The stakes are high. According to national estimates, more than nine in 10 car crashes in the United States happen because of human error. In Colorado, first responders see an average of two traffic-related deaths per day.
"We believe we can bring that number down to zero," Fifer said.
As a two-term city council member in the Denver suburb of Arvada and vice chair of the Denver Regional Council of City Governments, Fifer has long argued that technology can radically improve local and state infrastructure. At a conference, a CDOT official heard Fifer describing his vision for connected, intelligent roadways -- what he refers to broadly as highway automation -- and offered him a job.
"I negotiated my pay cut and jumped on over," Fifer said. He now serves as manager of infrastructure and business development in CDOT's transportation systems and technology branch, which he described as the department's "mini-telecommunications arm."
Fifer's team plans, builds, operates and maintains network infrastructure throughout the state, ranging from fiber optic cabling and network gear to intelligent transportation system devices -- such as analytical roadside cameras, smart traffic signals and highway message boards.

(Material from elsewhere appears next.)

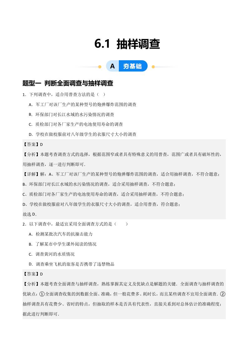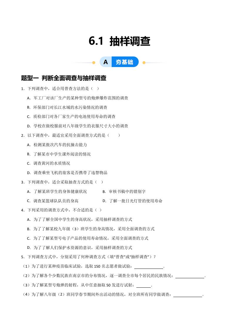 6.1 抽样调查(4大题型提分练)(原卷版)

"The devices we're deploying on fiber now will all support connected, autonomous vehicles technology," he said.
Autonomous vehicles technology in action
A six-seat autonomous shuttle, called EZ10, has started operating along a short, fixed route between a Denver commuter rail station and a bus station near the city's designated smart-city testing ground, Peña Station Next. The vehicle uses hardware and software from French autonomous vehicle company EasyMile and operates at around 15 mph.
Vehicle-to-infrastructure ecosystem supports connected cars
Although self-driving cars have yet to take American roadways by storm, Fifer pointed out that many new vehicles today boast a significant degree of automation, with features like adaptive cruise control, lane-departure correction, obstacle detection and collision avoidance. And a growing number of models -- from manufacturers like Tesla, Cadillac and Audi -- can already communicate with smart infrastructure and each other.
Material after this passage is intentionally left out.